Wildland protection good economics
Public lands contribute to the high quality of life in Colorado, which in turn attracts the talented workforce that is driving high-tech industries to remain in or relocate to the state, according to a new study.
The Wilderness Society, a national environmental advocacy group, released economic profiles of Colorado and 25 Western Slope counties that show timber, mining and other resource-extraction jobs aren’t the economic standbys they once were. Instead, the reports show, high-paying jobs in the service industry such as engineering, computer technology and health services are Colorado’s main source of growth in jobs and earnings.
“We would like the debate over public land management to be based on facts, not rhetoric,” said Dr. Pete Morton, an economist with The Wilderness Society. “These profiles are designed to help interested citizens and elected officials understand how their local economy has changed over the last 25 years,” he added. “The facts show that Colorado’s comparative advantage is not in extracting natural resources from our public lands, but in protecting these wildlands and the many amenities ” including scenery, outdoor recreation, wildlife and drinking water ” that they provide.”
In Summit County in 1997, according to the reports, jobs in resource extraction industries accounted for 0.4 percent of total personal income. In Eagle County, it was 0.7 percent in that year, the last for which the reports had sufficient data.
As of 1997, the mining, oil and gas, and logging industries combined made up less than 1.5 percent of Colorado’s jobs, according the reports. In contrast, the service sector accounts for 32 percent of the state’s jobs.

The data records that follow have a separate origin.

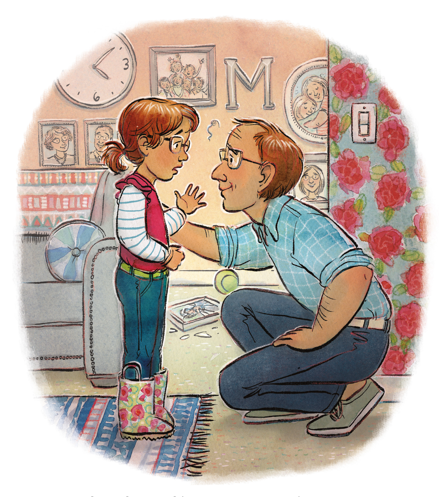
When I do something wrong, I can say I'm sorry and pray to Heavenly Father. Heavenly Father is happy when I repent, and so am I!
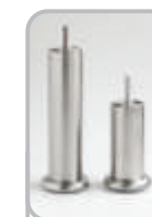
Round aluminium leg
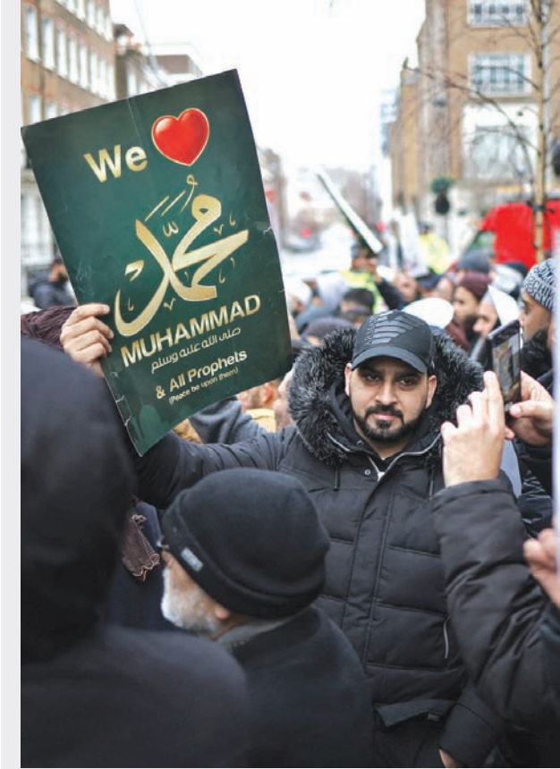
People attend a protest yesterday following the burning of the Qur'an in Stockholm, outside the embassy of Sweden in London.

A chained globe covered in oil rests on a rug at an Extinction Rebellion Scotland protest yesterday outside the Barclays Bank branch in Argyle Street, Glasgow.
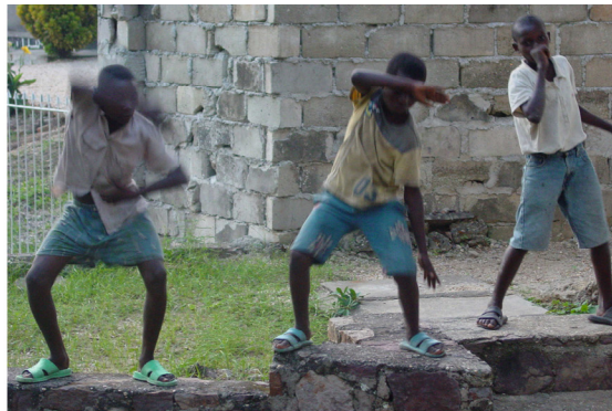
FIGURE 9: Studios Kabako: rehearsals of the piece more more more... future with audience participation
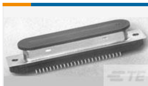
TE Part #553444-5 PLUG ASSY, ACTION PIN, CHAMP-LOK
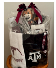
Aggie Dad Basket - $150 Value
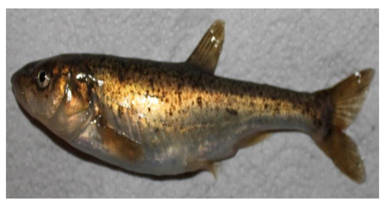
Figure 1. Popovo minnow (Delminichthys ghetaldii).

SDS PAGE was performed according to Laemmli (1970). Protein bands were separated on 1 mm thick slab gel comprised of 12% running gel and 5% stacking gel. Following the electrophoresis, gels were stained in Coomassie brilliant blue (0.1%), acetic acid (10%) and methanol (50%) and destained in mixture of 5% methanol and 7% acetic acid. Each analysis was performed in 5 replicates. Molecular weight (MW) of protein was determined using Prestained Rec Protein Ladder by Fisher Reagents. TotalLab software was used for the analysis of quantitative and qualitative distribution of protein bands.
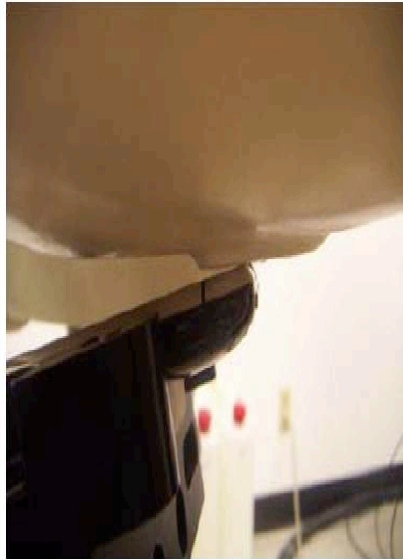
Tilt ( 15^\circ ) Position
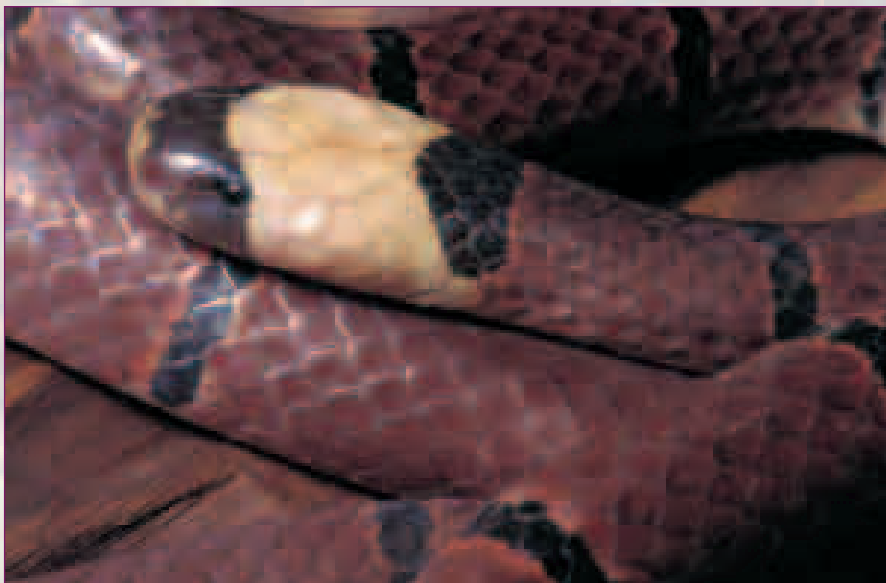
Hemibungarus macclellandi .

In cooperation with Chinese scientists, we were able to study the herpetofauna of southern China, with a special focus on the venomous snakes. More than 30 species of terrestrial venomous snakes of the families Elapidae and Viperidae are found in China (ZHAO and ADLER, 1993; ZHAO et al., 1998; ZHAO et al., 2000), and most of them (except the genera Gloydius , Vipera , and Ermia ) are found in southern China.

“This information is particularly relevant as counties examine the ramifications of proposed public land policies,” said Suzanne Jones, assistant regional director for The Wilderness Society’s Four Corners States regional office. “What the economic statistics show, at both the state and county level, is that protection of public lands is consistent with a thriving economy.”

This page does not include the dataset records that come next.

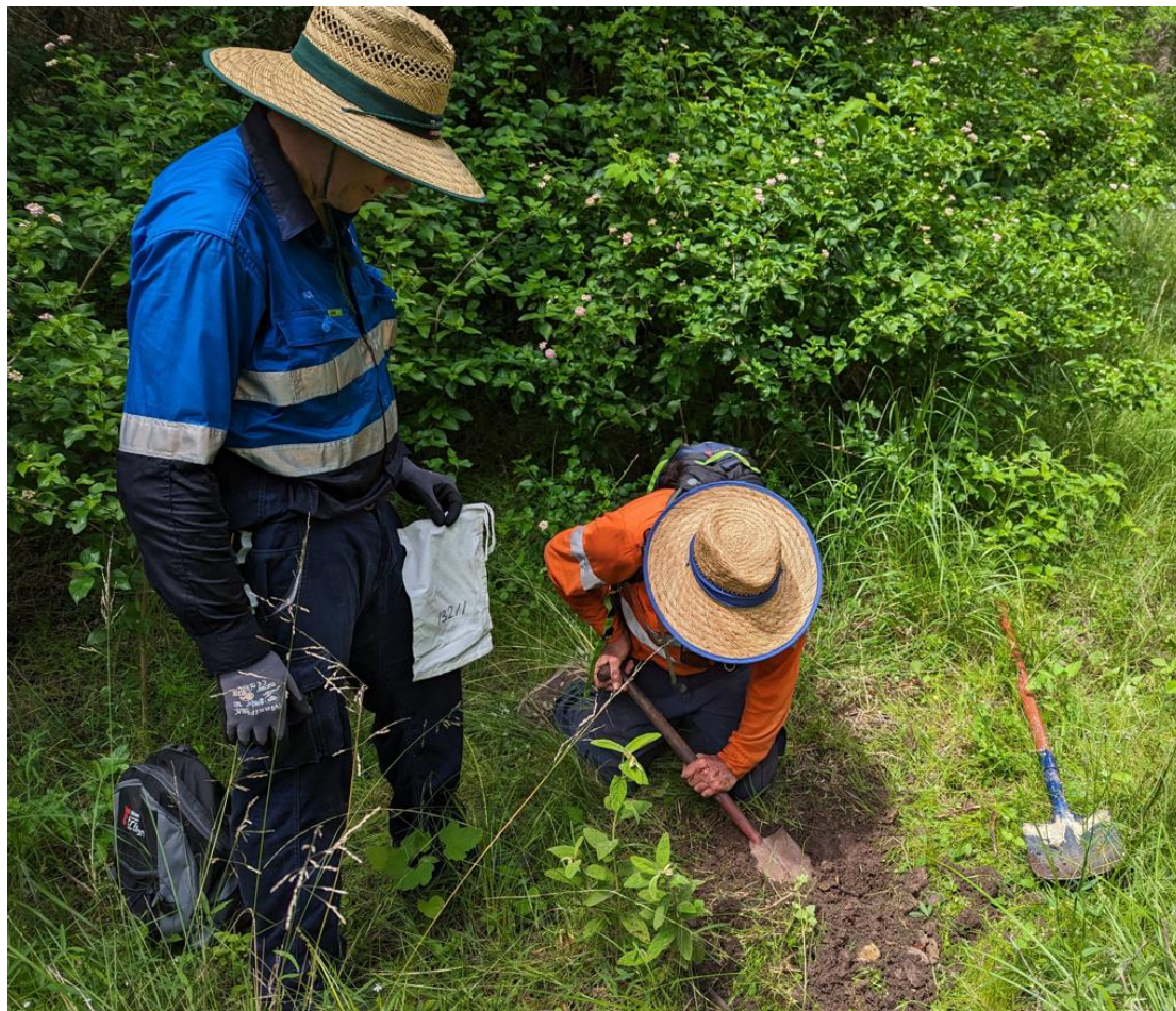
Figure 2: SQX geological consultants collecting soil samples at the Scrub Paddock prospect.

The Scrub Paddock area is prospective for gold-copper porphyry and features more than 20 mineral occurrences and historical mine workings with surface mineralisation extending across a ~2km strike length. Soil sampling and drilling have already confirmed gold and copper mineralisation; the extent of this mineralisation, both along the strike of the surface anomaly and at depth, is unknown.
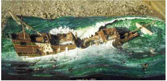
Artist's Rendition of Atocha Sinking
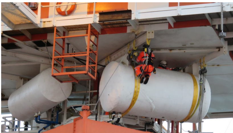
Picture: Preparing rigging old diesel tank

Each tank weighs approximately two tonnes, is 1.6 m in diameter and is 4 m long. The tanks are suspended under the Euro platform by means of two top-mounted brackets.
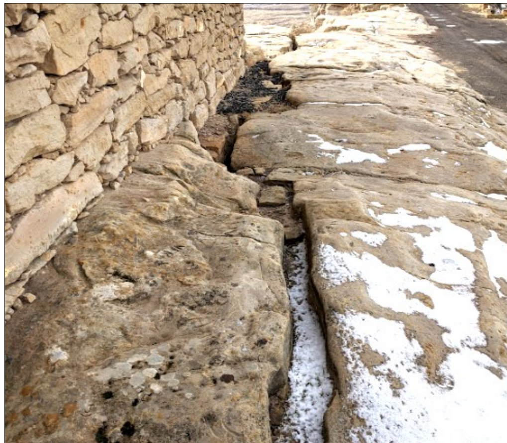
Sightings of more cracks on First Mesa have been reported. Everyone is reminded to be cautious and alert when attending ceremonies and events on the Mesa.

These and other plans of the Hopi Tribe are vital to our community's welfare. Unfortunately, they are out of date, have exceeded time limits for review/renewal, and/or are not being adhered to. This adds to confusion, miscommunication, or non-communication during a crisis event. It may also lead to circumventing policy, procedure, or protocol. They were established as being the most effectual, efficient, and ethical means to solutions at the time of their writing. If they are deemed to be inefficient, ineffectual, or unethical, that's what the review and reevaluation process is for.
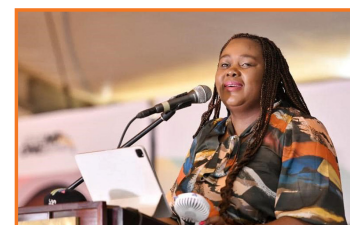
Minister Kubayi co-hosting the event with MEC Bentley Vass.
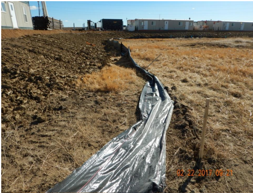
Photo 9. Photo taken from the southwestern location, facing East. Silt fence BMP installed but needs maintenance and repairs. BMP not in proper functioning condition. Stakes appear to be installed too far apart (i.e., 15' or more apart).

The profiles are based on data from the U.S. Department of Commerce’s Bureau of Economic Analysis. The Wilderness Society also released a report by Dr. John Loomis of Colorado State University on the economic benefits of preserving forest roadless areas.
“Roadless areas contribute to economic growth in surrounding communities,” said Loomis, a professor of agriculture and resource economics. “Naturally functioning ecosystems, such as those found in roadless areas, provide many valuable services including fish and wildlife habitat, carbon storage, nutrient cycling and watershed protection.”
More jobs and higher income are two of the biggest benefits of protecting public lands, according to Loomis. His report, “The Economic Values of Protecting Roadless Areas in the United States,” shows that each year roadless areas in our national forests generate 23,705 jobs and almost $600 million in recreation benefits.
The U.S. Forest Service released a report last January that showed national forest watersheds provide clean drinking water to approximately 20 percent of the United States population, a resource valued at $3.7 billion annually.
“Protecting public lands provides many economic benefits and maintains the natural capital that forms the foundation of Colorado’s identity, quality of life and economic well-being,” Morton said.
“Economic development should not kill the goose that lays the golden egg. And wilderness is critical habitat for the golden goose.”